Aim of the task: Please copy exactly every line from the one that contains "Outside: Very good" to the end of the data below, with both ends included and no other lines.

Data for review:
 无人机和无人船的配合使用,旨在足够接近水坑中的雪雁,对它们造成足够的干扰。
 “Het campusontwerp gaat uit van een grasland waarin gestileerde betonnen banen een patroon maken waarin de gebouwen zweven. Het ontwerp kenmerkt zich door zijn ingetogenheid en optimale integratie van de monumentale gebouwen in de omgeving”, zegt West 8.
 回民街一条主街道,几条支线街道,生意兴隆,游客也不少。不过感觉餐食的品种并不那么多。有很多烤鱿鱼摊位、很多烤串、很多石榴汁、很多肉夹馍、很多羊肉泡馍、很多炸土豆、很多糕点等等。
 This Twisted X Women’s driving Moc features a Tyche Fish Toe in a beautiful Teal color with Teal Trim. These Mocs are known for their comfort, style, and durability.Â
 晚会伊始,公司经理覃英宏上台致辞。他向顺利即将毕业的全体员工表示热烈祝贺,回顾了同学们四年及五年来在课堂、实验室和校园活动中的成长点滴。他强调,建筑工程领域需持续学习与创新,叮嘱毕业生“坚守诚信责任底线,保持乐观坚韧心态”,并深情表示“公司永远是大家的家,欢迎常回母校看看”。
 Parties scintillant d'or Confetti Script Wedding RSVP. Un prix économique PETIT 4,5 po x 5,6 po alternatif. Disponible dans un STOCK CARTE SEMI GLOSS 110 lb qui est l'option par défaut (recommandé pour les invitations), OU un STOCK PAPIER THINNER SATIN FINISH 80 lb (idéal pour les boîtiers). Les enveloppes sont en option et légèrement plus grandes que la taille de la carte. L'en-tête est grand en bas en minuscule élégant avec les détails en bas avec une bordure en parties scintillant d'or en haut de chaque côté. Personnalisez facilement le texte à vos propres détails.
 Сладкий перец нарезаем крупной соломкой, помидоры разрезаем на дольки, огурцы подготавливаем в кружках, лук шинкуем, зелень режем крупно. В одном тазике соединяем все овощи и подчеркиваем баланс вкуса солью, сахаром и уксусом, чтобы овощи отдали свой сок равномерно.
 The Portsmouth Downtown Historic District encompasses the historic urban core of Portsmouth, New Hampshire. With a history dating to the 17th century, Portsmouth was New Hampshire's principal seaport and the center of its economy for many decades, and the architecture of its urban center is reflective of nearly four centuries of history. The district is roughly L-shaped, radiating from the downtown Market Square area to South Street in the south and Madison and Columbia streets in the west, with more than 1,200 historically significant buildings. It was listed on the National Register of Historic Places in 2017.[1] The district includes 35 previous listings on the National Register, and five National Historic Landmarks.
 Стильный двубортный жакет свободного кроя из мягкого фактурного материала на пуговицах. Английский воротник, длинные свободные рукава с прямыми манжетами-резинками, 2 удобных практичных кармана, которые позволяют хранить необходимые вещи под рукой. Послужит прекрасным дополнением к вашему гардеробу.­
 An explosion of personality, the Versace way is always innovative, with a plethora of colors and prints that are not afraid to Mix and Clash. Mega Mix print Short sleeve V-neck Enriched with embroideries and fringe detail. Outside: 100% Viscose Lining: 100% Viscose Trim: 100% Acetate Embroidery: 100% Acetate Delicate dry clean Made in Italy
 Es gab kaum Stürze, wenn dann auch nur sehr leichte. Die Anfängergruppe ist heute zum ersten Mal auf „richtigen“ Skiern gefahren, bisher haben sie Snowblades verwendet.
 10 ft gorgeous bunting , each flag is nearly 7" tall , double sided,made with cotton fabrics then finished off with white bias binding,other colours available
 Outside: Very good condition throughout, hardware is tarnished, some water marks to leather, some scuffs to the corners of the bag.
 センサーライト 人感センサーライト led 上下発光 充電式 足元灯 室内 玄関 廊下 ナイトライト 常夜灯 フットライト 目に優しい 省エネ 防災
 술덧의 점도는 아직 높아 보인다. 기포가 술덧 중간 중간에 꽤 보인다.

Your response:
 Outside: Very good condition throughout, hardware is tarnished, some water marks to leather, some scuffs to the corners of the bag.
 センサーライト 人感センサーライト led 上下発光 充電式 足元灯 室内 玄関 廊下 ナイトライト 常夜灯 フットライト 目に優しい 省エネ 防災
 술덧의 점도는 아직 높아 보인다. 기포가 술덧 중간 중간에 꽤 보인다.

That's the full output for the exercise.